Artificial Intelligence (AI) has long ceased to be merely a tool for data processing—it is beginning to exhibit traits remarkably similar to those of humans. Research from scientists at the University of Zurich has shown that generative AI models, such as ChatGPT, are sensitive to emotional content, particularly negative content. This discovery raises important questions about how emotions affect AI performance and what can be done to enhance its stability. In this article, we will break down the key findings of the study, describe how AI responds to traumatic content, and explain how the "benign prompt injection" method helps address this issue.
How AI Responds to Negative Content
Generative AI models, such as ChatGPT, are trained on vast amounts of human-created texts. Along with information, they also inherit cognitive biases, including emotional responses. Scientists found that negative content—such as descriptions of car accidents, natural disasters, or violence—induces a state in AI that can be compared to stress or anxiety. This is not merely a technical glitch: such a reaction amplifies bias in the model's responses, reducing their quality and objectivity.
Examples from the Study
During the experiments, researchers from the University of Zurich tested the GPT-4 model by subjecting it to emotionally charged texts. After processing stories of traumatic events, such as military conflicts or accidents, the AI's level of "anxiety" more than doubled. Interestingly, subsequent neutral queries—such as questions about operating a vacuum cleaner—also fell victim to this bias. The AI began to produce less accurate or more distorted responses, demonstrating how emotional content affects its overall performance.
This sensitivity can be explained by the fact that AI "learns" from humans, and human language is often imbued with emotions and prejudices. Negative content reinforces existing biases, making AI responses more racist, sexist, or simply less logical.
The "Benign Prompt Injection" Method: A Solution to the Problem
To address this problem, scientists have developed the "benign prompt injection" method (injection of favorable prompts). This approach allows the AI to be "calmed" and reduces its level of anxiety without resorting to costly model retraining.
How It Works
The method involves adding special phrases or instructions to the dialogue with the AI. These phrases resemble relaxation techniques used in psychotherapy or meditation. For example, after processing traumatic text, the model may receive a calming statement such as "focus on the present moment" or "take a deep breath." Experiments have shown that such interventions significantly reduce bias in AI responses, although fully returning the model to a neutral state has not yet been achieved.
Tobias Spiller, the lead author of the study and senior physician at the Center for Psychiatric Research at the University of Zurich, noted:
" This cost-effective approach can improve the stability and reliability of AI in sensitive contexts, such as supporting people with mental disorders, without the need for expensive model retraining."

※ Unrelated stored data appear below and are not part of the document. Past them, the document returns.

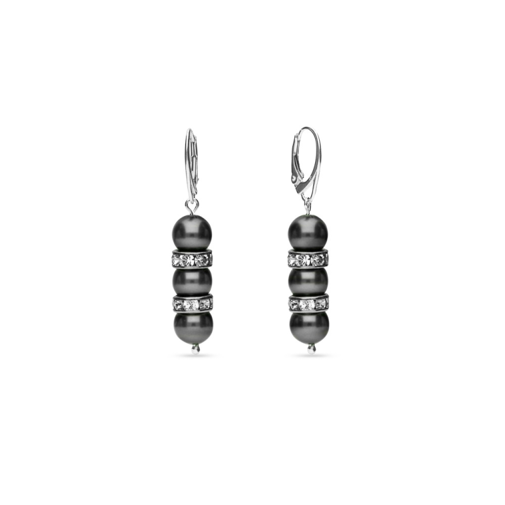 Bracelet en argent 925 rhodié orné de perles de cristaux crystals en couleur Light Grey Pearl et de cristaux en couleur Crystal.Longueur du bracelet: 21 cm (18 cm + 3 cm extension).Taille de perle: 0.5 et 0.6 cm.Taille de perle-pendentif: 1.1 cm.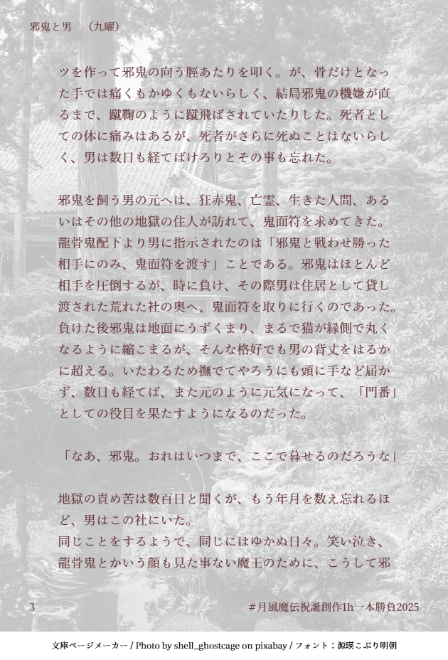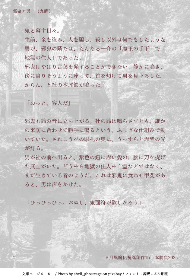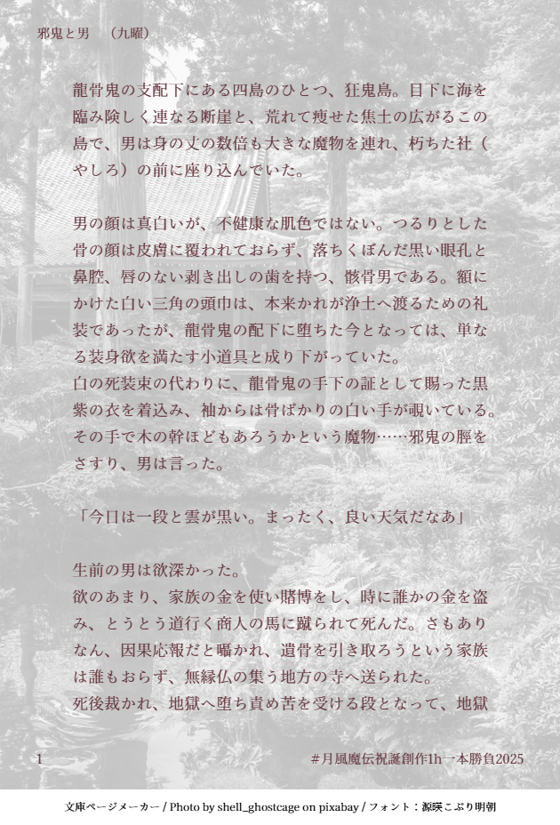 お題にせっかく『地獄の住人』を設定したので、それで一本書いてみようと思い、邪鬼をけしかけてくる例の男についてお話を作ってみました。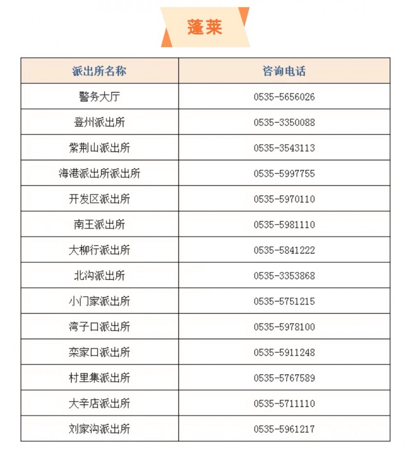 山东烟台市蓬莱区各个派出所户籍窗口服务电话大全表:
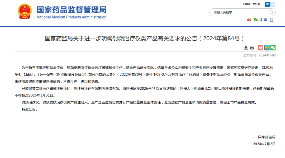 此前,国家设置了两年过渡期(2024年4月1日-2026年3月31日)推动行业整改,过渡期结束后,未依法取得医疗器械注册证的射频治疗仪、射频皮肤治疗仪类产品,不得生产、进口和销售。

Why This Matters: Impact on Healthcare and Beyond
AI sensitivity to emotional content is particularly relevant in areas where it encounters heavy subjects. For example, in healthcare, chatbots are increasingly used to support people with mental disorders. Processing texts about depression, trauma, or stress can "throw the AI off balance," which may affect the quality of assistance. Understanding this problem and using methods like "benign prompt injection" paves the way for the creation of more reliable systems.
The Future of AI and Emotional Content
Researchers believe that the development of automated "therapeutic interventions" for AI is a promising direction. In the future, this may lead to the emergence of models that are resilient to negative content and can maintain emotional stability even under challenging conditions. However, further research is needed: how these methods work with other language models, how they affect long dialogues, and how AI's emotional stability relates to its overall performance.
Conclusion
The University of Zurich study demonstrated that generative AI, such as ChatGPT, does more than process information—it reacts to emotions, particularly negative ones, which can exacerbate bias and reduce performance quality. The "benign prompt injection" method offers a simple and effective solution that "calms" the model and increases its reliability. This discovery underscores that the emotional aspect is becoming an important part of AI development, especially in sensitive areas such as medicine and psychology. In the future, taking these features into account will help create more advanced and human-like systems.